大学の存亡を危うくするとんでもない時代がやってきた。18歳人口の減少により今後は大学戦国時代がやってくる。それによって予想される状況はどのようなものだろうか?

吉田 敦彦

執筆者:吉田 敦彦

学習・受験ガイド

大学戦国時代がやってきた!

この数年大学の統合のニュースが増えたことにも少子化の影響が影を落としている大学「全入」時代とは、大学の収容能力(入学者数/全志願者数)が100%になり、入る大学や学部を選ばなければ全員が(計算上では)大学に入れるようになるということ。
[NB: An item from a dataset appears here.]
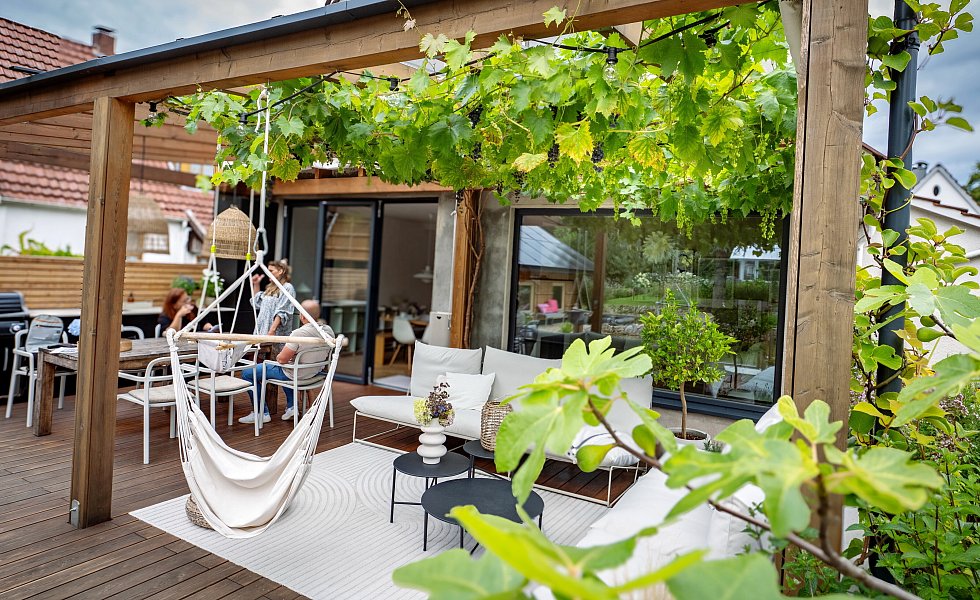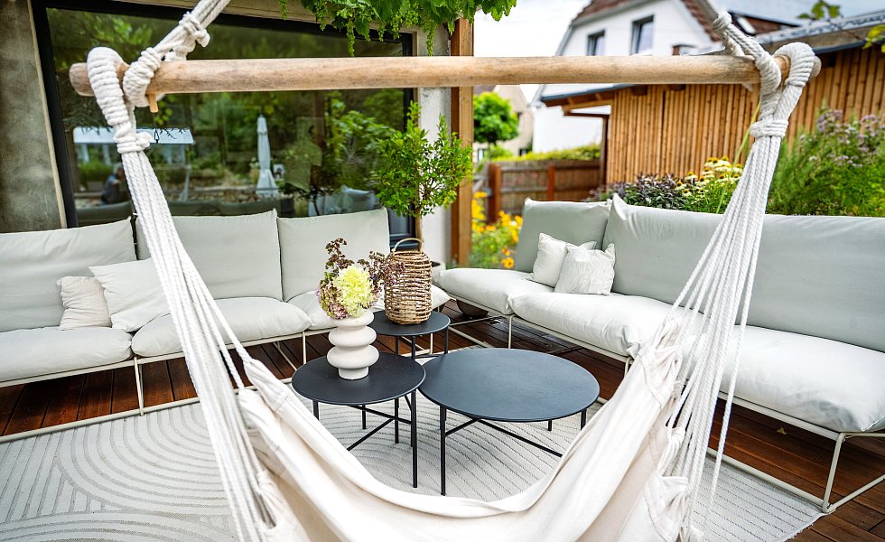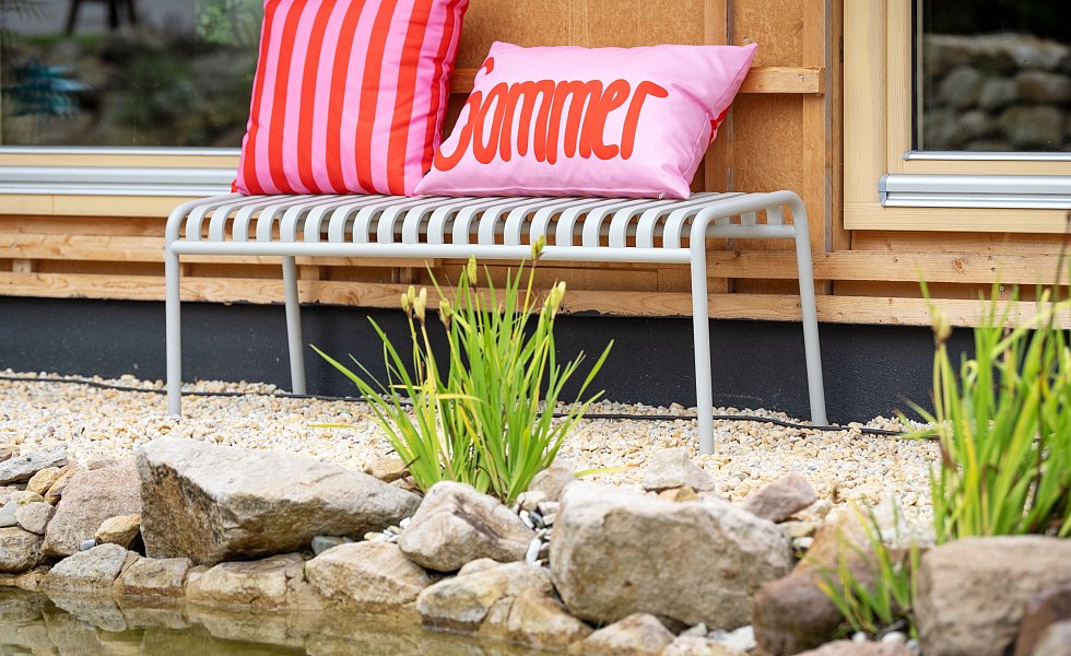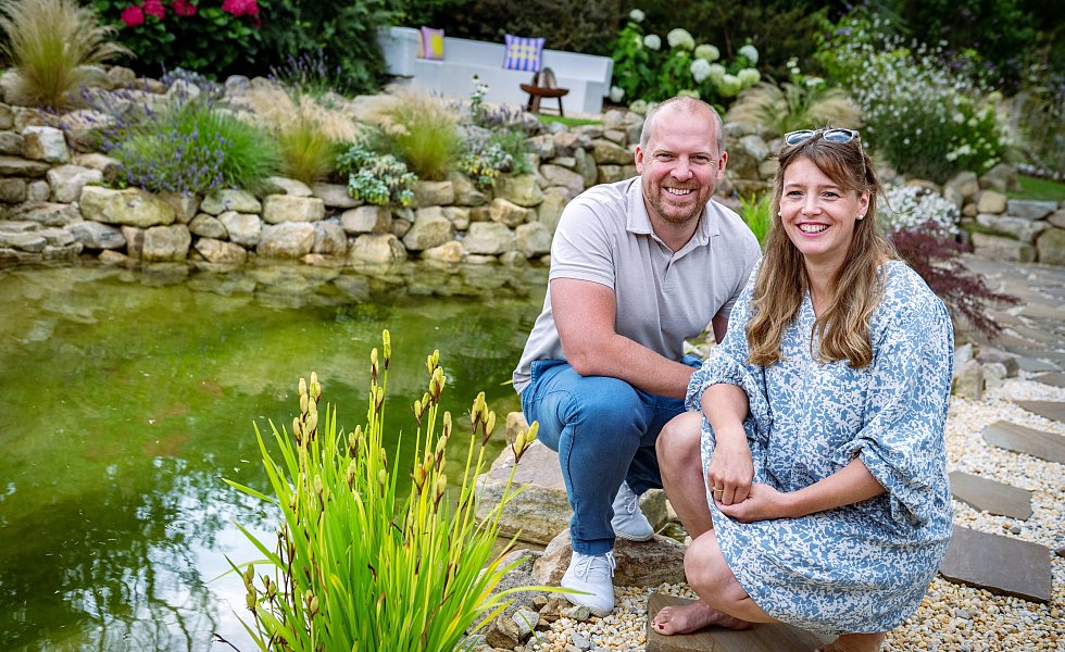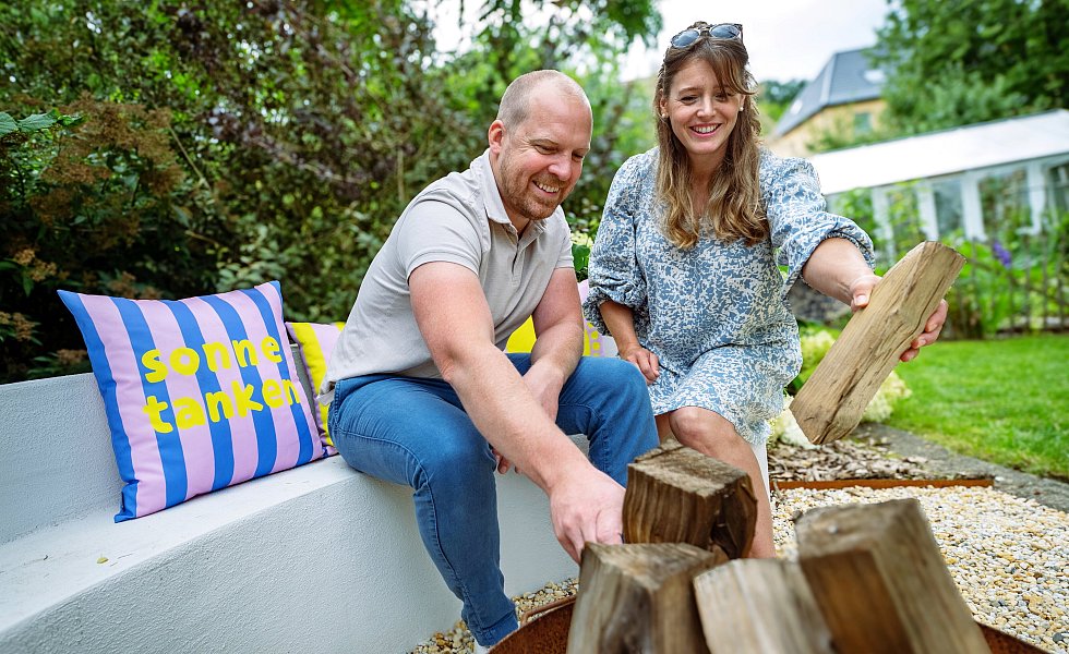 Nach dem Einzug 2021 ging es sofort an die Sanierung und Gestaltung von Terrasse, Garten und Teich. „Dafür habe ich einen Kleinbagger gemietet“, berichtet Lutz Hermanns. Wichtig war den Bielefeldern, dass der Teich zum Schwimmen geeignet ist. 28 Tonnen Steine hat das Ehepaar verbaut. „Das ist Ibbenbürener Sandstein“, sagt der 41-Jährige. In der Stadt, die im Tecklenburger Land liege, gebe es ein Unternehmen, bei dem man sich Musterteiche ansehen könne.

大学全入は2007年問題とも言われ、2007年を中心に教育、受験界で大きな問題となってきた。

実際には2007年は景気の好転によって大学志願者が増えたため、大学全入時代は先送りとなったが、文部科学省の18歳人口の推移に関する報告によれば、あと数年以内に、つまり現在の小学生が大学進学を迎えるころには世の中は確実に大学全入の時代になっている。2007年で18歳の人口はピーク時の1991年から比較すると4割も減少している。景気の好転を受け大学進学率自体は徐々に上がっているが、今後大幅には増えそうもない。大学にとって激動の時代が始まる。では具体的にどんな状況になるだろうか。

予想される事態は3点ある。
■経営不振の大学が立て続けに潰れる
■大学の再編成、統合が起こる
■下位大学が専門学校化する

現在でも「07年度私立大学短期大学等入学志願動向」によると、私立大学の約40%、短期大学の約50%で定員割れを起こしている。2004年に東北文化学園大が、2005年には山口県の萩国際大学が民事再生法を申請したように、定員割れを起こしている大学は淘汰されていくだろう。わが子の時代には自分が卒業した母校が消えてなくなることも充分にありうる。
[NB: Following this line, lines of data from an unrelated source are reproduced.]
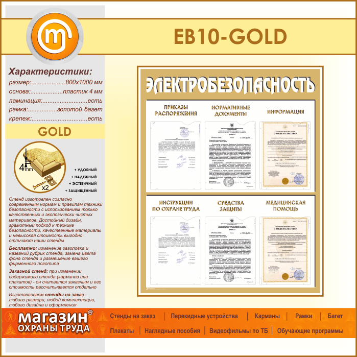 Стенд «Электробезопасность» с 6 карманами (EB-10-GOLD) в Иркутске купить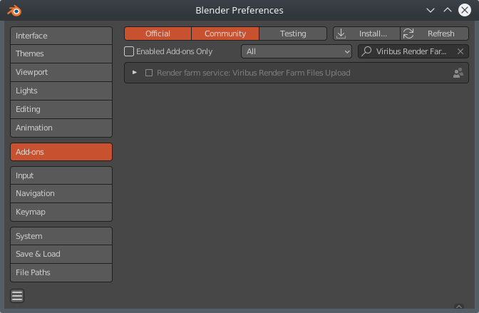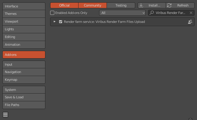 You can get the add-on on the website www.viribusfarm.com. After registering (which is free) and logging in, you can get the add-on in the “To download” section. Since there have been significant changes in Blender version 2.8, we offer the add-on for versions 2.8 and above.: This document contains a description of the add-on only for version 2.8 (and later). If you are interested in the add-on for Blender version 2.79 (or lower), write us a message. You can get the add-on by clicking on the appropriate link (in the “To download” section on www.viribusfarm.com). After clicking on the appropriate link, the download of the add-on will begin. Depending on how your internet browser is set up, it will save the file to the default directory, or you will be offered the option to select a directory. Pay attention to the information where the file will (was) saved, because you will need it in the next step.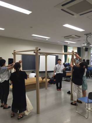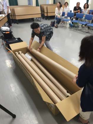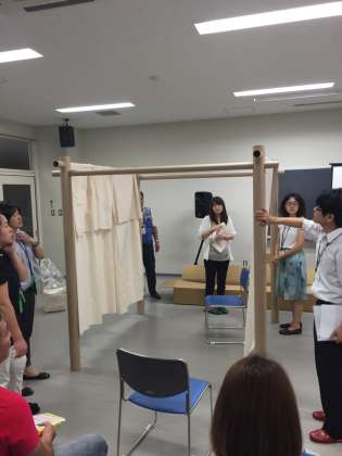 まず、先の熊本地震の避難所でも活躍した間仕切りのセット、段ボールの柱と綿の布で組み立てる体験をしました。約5分ほどで完成します。
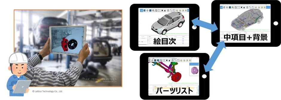 これにより、自動車や産業機械などの製品のフル3Dモデルを軽快に表示、サービスマンはタブレットで3Dのサービスカタログを参照し、故障部品を速やかに検索できます。また、サービスカタログの作成から配信までを管理する事で、サービスカタログをバリエーション毎に作成したり、容易にタイムリーな更新ができます。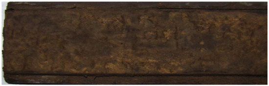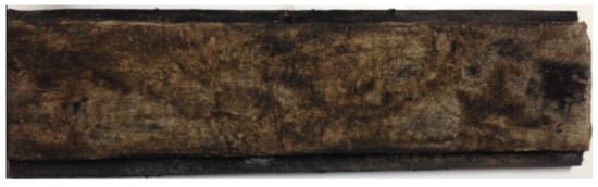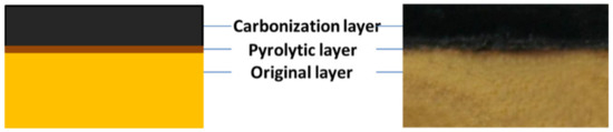 Observing the cross-section of the entire specimen, it was found that the cross-section includes the carbonized layer, the original layer, and the pyrolytic layer in between. The structure is shown in Figure 12, in which the left side is a schematic diagram, and the right side is a physical diagram. In this experiment, the pyrolytic layer was retained when the carbonized layer was peeled off. The surface of the insulation layer was carbonized under the high temperature and high pressure of the fuel gas and formed a carbonized layer. The pyrolytic layer in the middle was protected by the surface carbonized layer and did not reach the temperature required for carbonization. Only the decomposition reaction of the material happened after heating, and it became the pyrolytic layer with darker color than the matrix layer and lighter color than the carbonized layer, which can distinguish the original layer and the carbonized layer.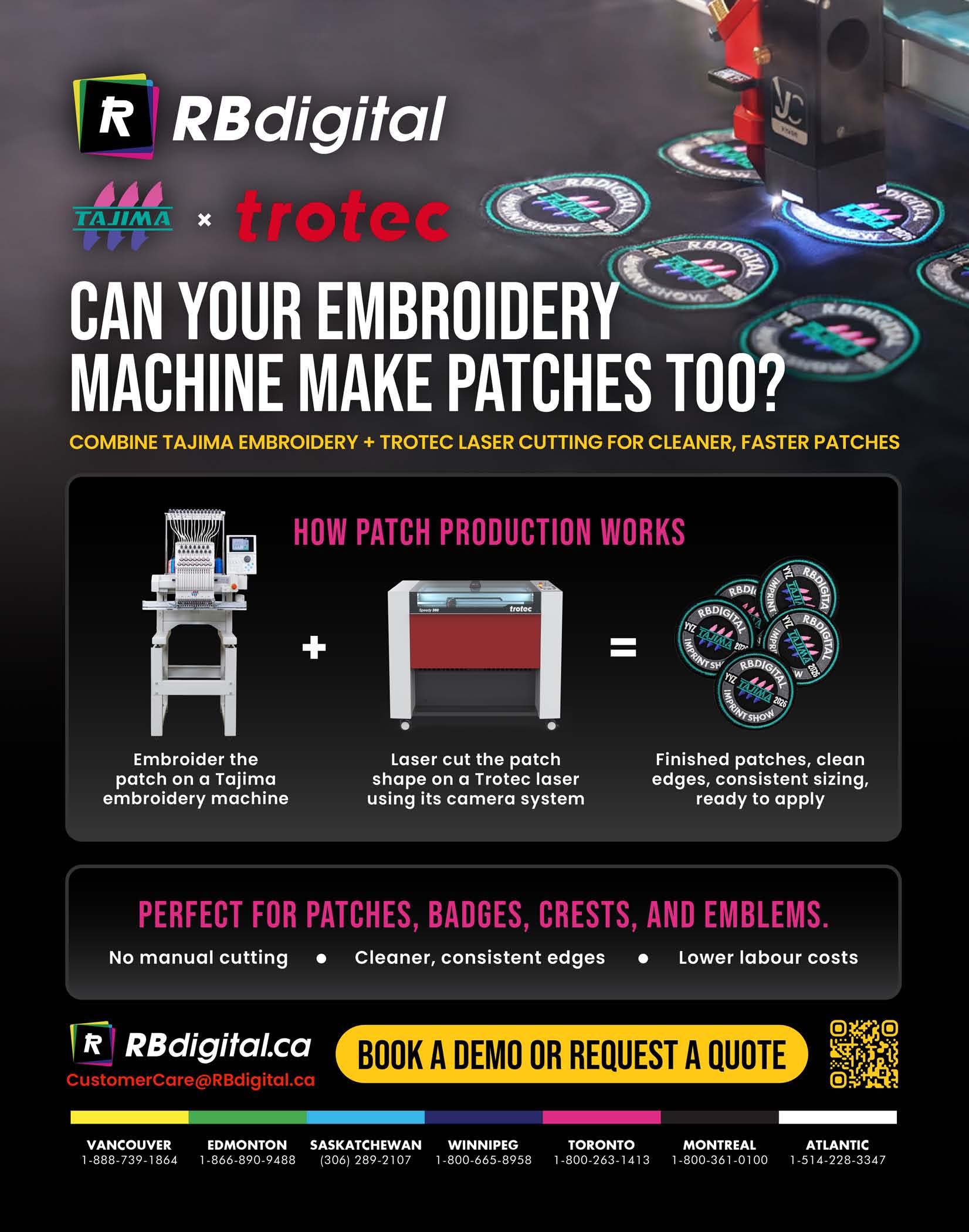 RB Digital is proud to be the exclusive Canadian distributor of Trotec Laser. The Speedy Series delivers unmatched precision and clean-edge performance, making it ideal for cutting embroidered patches with speed and accuracy. Achieve crisp borders, intricate detail, and consistent results that elevate patch production and streamline your finishing workflow.

大学関係者からの話では大学ランキングのトップクラスの大学には、次々と統合の話が舞い込んでいるそうだ。東京水産大学と東京商船大学が2003年に、2007年の慶応大学と共立薬科の統合認可、2004年の大学法人化を受けて大阪外国語大学と大阪大学が2007年10月に統合など事例は数多い。

今後とも東大、京大などの旧帝大系の国立大学や、早稲田大学や慶応大学などの私立上位校の優位は動きそうにもない。少子化に対して早い時期から対策をとってきたからだ。このような大学は、以前の学部学科を改組し、魅力的な新学科新学部を開設している。

このような時代では大学教員も安閑としていられない。軽く年収一千万はくだらない給与が大学の運営を圧迫しているからだ。そのため成果主義を取り入れざるを得ず、一年中同じ授業をしているような教員に明日はないだろう。高知工科大学のように授業アンケートを行ったり業績の悪い教員の契約更新(任期5年)はしないというところまでもすでにあるのだ。大学教授にさえ受難の時代がやってくる。